Blood tastes like copper in my mouth.

And defeat tastes bitter.

The ref calls the end of the fight before I pass out, and I hear it all. The cheers for that other girl. Her crystal-clear shriek of happiness. The way she asks me if I’m okay, because she’s a nice girl like that. I roll onto my side, curling into a ball as I put my gloves over my ears.

I can’t fucking listen to this; the sound of her victory. The concerned tone in Dickie’s voice.

My coach helps me up, grabbing me by the waist and keeping me standing up while they announce that the other girl is the winner by TKO and will go on to fight Killer Clover next month.

Really, all I hear is that Billie Scott wasn’t so unbeatable, after all.

21

BILLIE

Ghost town - JVKE

My sobs are unstoppable in the locker room. Dickie is by my side when Taylor explains that he won’t be able to take me on. Our contract was only viable if I went on to fight Clover and won that fight. My forearms are on my thighs, my wrists hanging between my legs, and my head down. I’m not looking at him, but I hear every word.

His voice is business-like, even when he announces that he’s sorry. He does put a hand on my shoulder, though, telling me that professional fighting is not for everyone.

My eyes have been focused on the floor for so long, I can’t lift my head anymore. Dickie insists that he wants to look at my face. Drops of blood are falling in front of me from my nose and eyebrow. I watch the blood landing on the floor, but I can’t be bothered to take care of myself at this moment.

“Billie, come on. This isn’t the end of the world.”

No, it’s the end ofmyworld. Everything I worked so hard for. All the early morning runs, the hours at the gym, the dieting, the no alcohol and drugs rule. My whole life was built around professional MMA. And just like that, it’s gone.

So what do I live for now?

Where’s my ticket out of the North Shore?

“I need to look at your cuts,” Dickie insists.

“Please, leave me alone,” I say weakly as I inhale some much-needed oxygen into my lungs. Another sob wracks me, and it feels like I didn’t even try to breathe, to begin with.

“I’ll leave you alone as soon as I’ve fixed you up, kiddo.”

“I got this,” a deep voice says. “I’ll make sure she’s taken care of before she goes home.”

Caden.

When did he come in? I don’t want him to see me like this. I don’t want anyone to see me ever again. The embarrassment of losing a fight is too much to take.

I sense Dickie’s hesitation. Maybe because he notices Caden’s crown tattoo on his neck. His allegiance to his gang. Maybe because he’s never seen him before and doesn’t want to leave me at the hands of a stranger.

I’m not sure what Caden says, I’m not listening, but Dickie leaves eventually.

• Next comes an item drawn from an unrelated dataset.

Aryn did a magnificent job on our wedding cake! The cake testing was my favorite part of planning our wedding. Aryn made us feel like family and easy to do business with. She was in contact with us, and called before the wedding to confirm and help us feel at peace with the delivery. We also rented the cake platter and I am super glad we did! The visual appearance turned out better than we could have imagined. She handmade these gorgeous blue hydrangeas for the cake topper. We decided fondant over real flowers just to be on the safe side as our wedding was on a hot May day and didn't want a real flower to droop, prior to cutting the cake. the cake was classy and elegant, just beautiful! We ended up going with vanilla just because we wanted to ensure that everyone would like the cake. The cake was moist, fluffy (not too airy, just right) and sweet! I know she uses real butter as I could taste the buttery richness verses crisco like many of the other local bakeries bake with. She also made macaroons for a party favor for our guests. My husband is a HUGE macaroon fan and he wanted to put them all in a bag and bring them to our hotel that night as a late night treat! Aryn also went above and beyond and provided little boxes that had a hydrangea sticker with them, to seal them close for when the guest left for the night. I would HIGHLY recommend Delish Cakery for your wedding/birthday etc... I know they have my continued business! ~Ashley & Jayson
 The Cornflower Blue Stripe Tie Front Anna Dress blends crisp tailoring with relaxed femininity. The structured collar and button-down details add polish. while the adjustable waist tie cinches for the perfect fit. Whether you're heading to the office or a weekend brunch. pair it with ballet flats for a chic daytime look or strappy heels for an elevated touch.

I feel Caden crouch in front of me, and the next second he puts two fingers under my chin, forcing my head up. His piercing green eyes send my entire body into overdrive.

It was humiliating enough to lose. It’s utterly destructive that it happened in front of Caden.

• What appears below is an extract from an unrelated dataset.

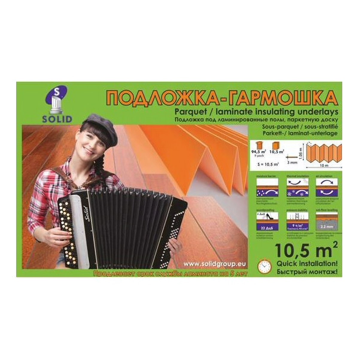 Подложка-гармошка листовая под напольные покрытия 3 мм 1050*500*3 мм (10,5м2/уп)
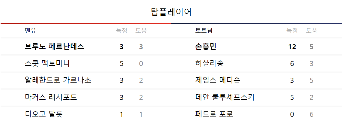 토트넘 역시 손흥민선수를 비롯한 좋은 실력을 가진 선수들이 있습니다. 탑플레이어는 공격 포인트가 많은 선수들을 기준으로 선발하는데요, 이렇게 분석된 것을 보니 손흥민 선수의 경기력이 얼마나 대단한지 가늠이 되는것같습니다.

Without saying anything, he helps me up and gets me in the shower for the second time today. This time he’s even the one who brushes my teeth. Afterward, he dries me and helps me into my clean clothes before sitting me on the bench again and taking care of my broken face.

The tears haven’t stopped running, but the sobs are not shaking my body anymore. I’m just silently letting the pain fall down my cheeks.

I wince when Caden pushes a little too hard on my eyebrow cut as he disinfects it.